India, Australia to adopt classified communications: official

‘System allows several countries to talk together’

Updated - May 11, 2019 11:05 pm IST

Published - May 11, 2019 10:54 pm IST - Chennai

Photo: Twitter/@Australian_Navy

Photo: Twitter/@Australian_Navy

Although the Australian Navy is, at present, “hanging off” COMCASA — India’s secure communications agreement with the U.S. — Australia and India are “moving forward” toward a classified-level communications environment, a senior Australian Navy spokesperson said.

The spokesperson said COMCASA (the Communications Compatibility and Security Agreement) was a “major step forward”, especially for interactions between navies of two countries that are restricted to the classified environment, for example conversations on counter-terrorism.

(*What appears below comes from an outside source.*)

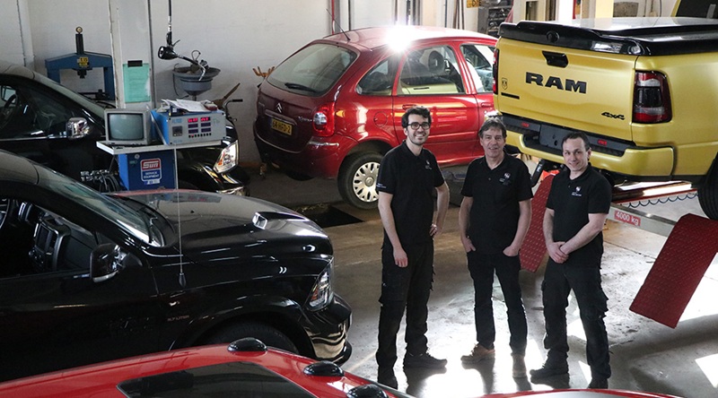 Na altijd aan Europese auto’s gewerkt te hebben ging Hans van Leur zich tien jaar geleden specialiseren in Amerikaanse auto’s, vooral de Dodge Ram, “met dat geweldige V8-geluid” en natuurlijk een automaat, zoals dat hoort in een Amerikaanse auto. “In de buurt kwam een handelaar zitten die die dingen verkocht en toen ben ik daar ingedoken. Dat is steeds groter geworden en nu komen ze van heinde en ver naar ons om die dingen te laten onderhouden.”

“Now we’ll see India moving to classified communications environment that one would see, for instance, in the Combined Task Force 150, 151 and 152 operations [relating to counter-terrorism, anti-piracy and maritime security], where there’s a bunch of like-minded countries that have a communications system that is operating at the classified level, to be able to allow them to talk together,” the official said.


At the present juncture, communication in an unclassified environment is part of an age-old tradition of ships meeting on the high seas, the spokesperson added, though even in that space, there has recently been an “evolution of authority to Indian Navy ships’ commanding officers to be able to do passage exercises”.

Australian officials said that for a basic exchange of pleasantries and identity, and then doing “some things together”, Indian Navy commanding officers no longer must go back to New Delhi to get authority.

This could even be for conducting an “exercise, in a simple set of manoeuvres, or some gunnery,” an officer said.